On Fri, Sep 22, 2023 at 12:25:18PM +0930, Qu Wenruo wrote:
> During a very interesting (and weird) debugging session, it turns out
> that btrfs will ignore a lot of write errors until we hit some critical
> location, then btrfs started reacting, normally by aborting the
> transaction.
> 
> This can be problematic for two types of people:
> 
> - Developers
>   Sometimes we want to catch the earlies sign, continuing without any
>   obvious errors (other than kernel error messages) can make debugging
>   much harder.
> 
> - Sysadmins who wants to catch problems early
>   Dmesg is not really something users would check frequently, and even
>   they check it, it may already be too late.
>   Meanwhile if the fs flips read-only early it's not only noisy but also
>   saves the context much better (more relevant dmesgs etc).
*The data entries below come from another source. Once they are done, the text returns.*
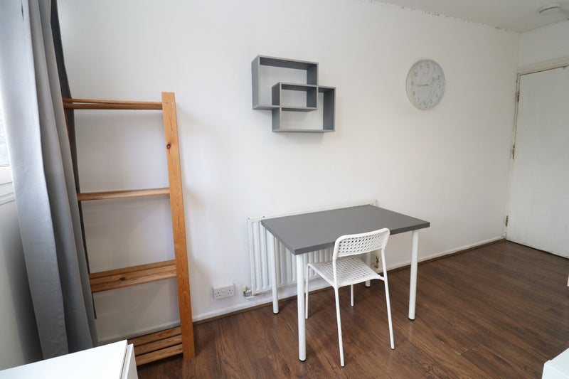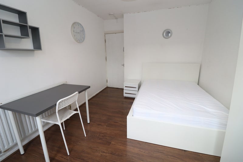 The bright and comfortable room comes fully furnished with a double bed 🛏️, wardrobe and ample storage space 👗, and essential furniture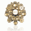 Dette er en nydelig glibbsølje med røde stener i krosslauvene og i den hvite rosetten i midten. Diameter 7,7 cm.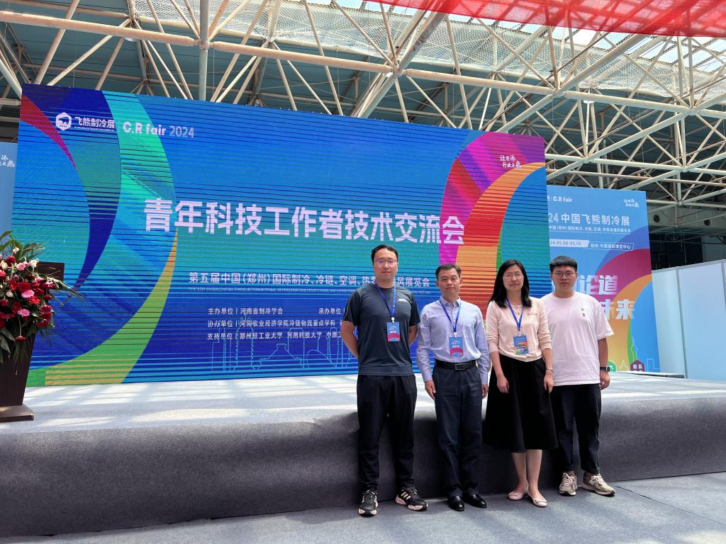 2024年5月9日上午,第五届中国(郑州)国际制冷、冷链、空调、热泵及通风展览会—青年科技工作者技术交流会在郑州中原国际博览中心召开, 太阳集团tyc234cc副院长刘群生受邀主持会议,能源与动力工程专业教研室主任张品,教师刘丹、王珂、高萌以及能动专业学生参加了会议。来自郑州大学、郑州轻工业大学、河南科技大学、河南理工大学、中原工学院等多位业内专家学者,从青年教师如何做科研、技术创新、应用转化等方面带来了精彩的主题演讲。

For sysadmins I think that the preferred way is to get events (like via
the uevents interface) that can be monitored and then reacted to by some
tools.

> On the other hand, I totally understand if just a single sector failed
> to be write and we mark the whole fs read-only, it can be super
> frustrating for regular end users, thus we can not make it the default
> behavior.

I can't imagine a realistic scenario where a user would like this
behaviour, one EIO takes down whole filesystem could make sense only for
some testing environments.

> So here we introduce a mount option group "abort=", and make the
> following errors more noisy and abort early if specified by the user.

Default andswer for a new mount option is 'no', here we also have one
that is probably doing the same, 'fatal_errors', so if you really want
to do that by a mount option then please use this one.
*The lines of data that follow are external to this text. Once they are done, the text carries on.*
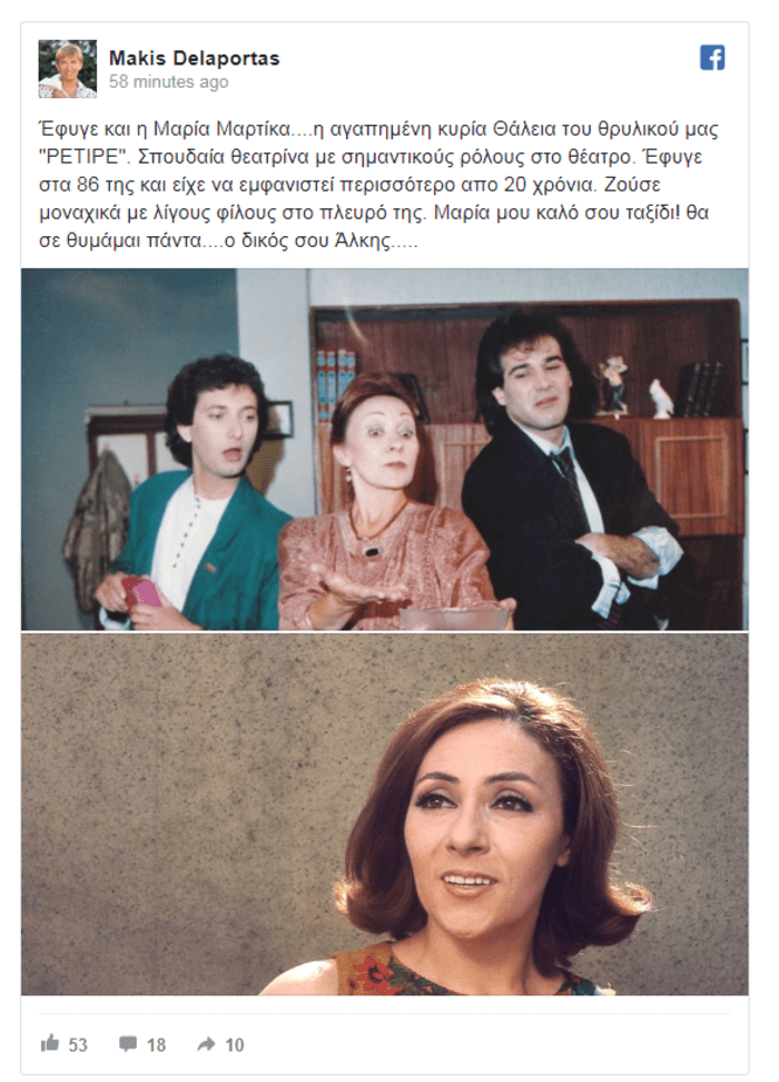 «Έφυγε και η Μαρία Μαρτίκα….η αγαπημένη κυρία Θάλεια του θρυλικού μας “ΡΕΤΙΡΕ”. Σπουδαία θεατρίνα με σημαντικούς ρόλους στο θέατρο. Έφυγε στα 86 της χρόνια και είχε να εμφανιστεί περισσότερο από 20 χρόνια. Ζούσε μοναχικά με λίγους φίλους στο πλευρό της. Μαρία μου καλό σου ταξίδι! θα σε θυμάμαι πάντα….ο δικός σου Άλκης…..», έγραψε.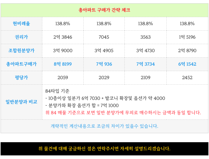 조합원 분양가는 평균적으로 1000만원 초반대로 상당히 매력적 이고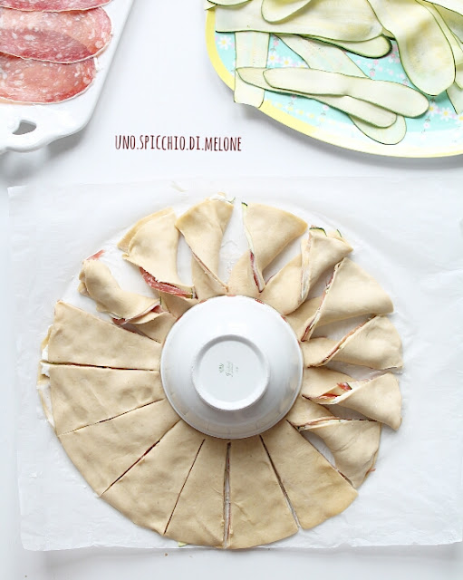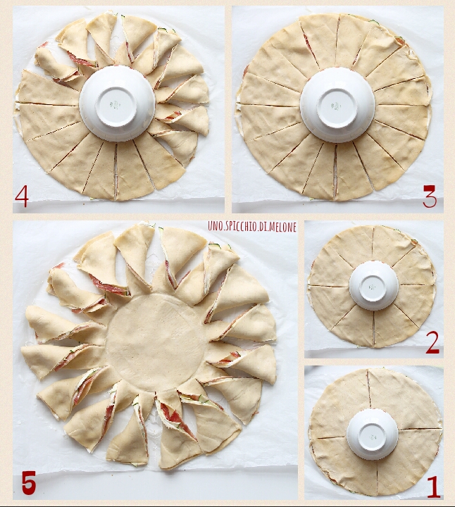 Chiudete con l’altro rotolo di pasta sfoglia e, se volete fare il girasole, seguite questo schema:

> - Any super block write back failure
>   Currently we're very loose on the super block writeback failure.
>   The failure has to meet both conditions below:
>   * The primary super block writeback failed

Doesn't this fail with flip to read-only?

>   * Total failed devices go beyond tolerance
>     The tolerance is super high, num_devices - 1. To me this is
>     too high, but I don't have a better idea yet.

Does this depend on the profile constraints?

>   This new "rescue=super" may be more frequently used considering how
>   loose our existing tolerance is.
> 
> - Any data writeback failure
>   This is only for the data writeback at btrfs bio layer.
>   This means, if a data sector is going to be written to a RAID1 chunk,
>   and one mirror failed, we still consider the writeback succeeded.
> 
> There would be another one for btrfs bio layer, but I have found
> something weird in the code, thus it would only be introduced after I
> solved the problem there, meanwhile we can discuss on the usefulness of
> this patchset.

We can possibly enhance the error checking with additional knobs and
checkpoints that will have to survive or detect specific testing, but as
mount options it's not very flexible. We can possibly do it via sysfs or
BPF but this may not be the proper interface anyway.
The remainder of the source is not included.